Why the combination matters

Individual pieces of this system have analogues. AI-assisted writing is everywhere. Prompt engineering with persona instructions exists. Voice style guides exist. Evaluation checklists exist. Multi-agent architectures exist.

What I can’t find anywhere: the specific combination of persona extraction from practitioner bodies of work into testable diagnostic lenses, voice governance derived from real conversation patterns (not published writing), coordinator-dispatched parallel evaluation across structural and narrative dimensions, convergence analysis that surfaces disagreements as decision points, and a no-hallucination knowledge base grounding every specific claim in verified conversational history.

Each piece solves a specific problem I encountered while building. The extraction solves the “act as” problem. The voice governance solves the “all AI copy sounds the same” problem. The coordinator pattern solves the “too many tools, no structure” problem. The convergence solves the “multiple perspectives without synthesis” problem. The knowledge base solves the “AI makes things up” problem.

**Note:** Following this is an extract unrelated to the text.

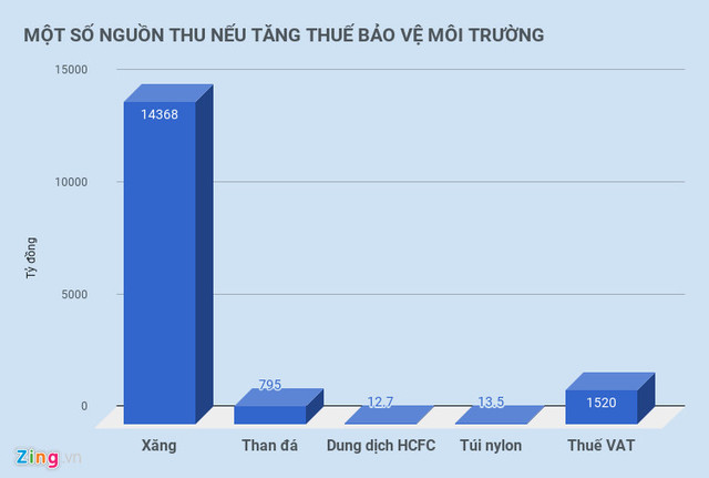 Đối với than đá, khi tăng thuế từ 20.000 đồng/tấn hiện nay lên 30.000 đồng/tấn, thu ngân sách dự kiến tăng thêm 795 tỷ đồng/năm. Với dung dịch HCFC (thường dùng cho điều hòa, máy làm lạnh), ngân sách dự kiến tăng thêm 12,7 tỷ đồng/năm từ việc tăng thuế. Tăng thuế bảo vệ môi trường với túi nylon cũng dự kiến tăng thu 13,5 tỷ đồng/năm.

The fact that all of these pieces talk to each other, share a manifest, and run through coordinators that handle the orchestration: that’s the architecture. And architecture is what makes the difference between a collection of tools and a system that produces decisions.

The manifest

Everything described here is documented in a single manifest file. Every skill, what it does, what calls it, what it needs, what it returns. If the system were a building, the manifest would be the set of plans that lets a contractor understand the whole structure without having to trace every pipe.

The methodology underneath all of this is the Formwork Protocol. The protocol describes the approach. This system is one practitioner’s implementation. They’re related but distinct: the protocol transfers to anyone. This implementation is mine.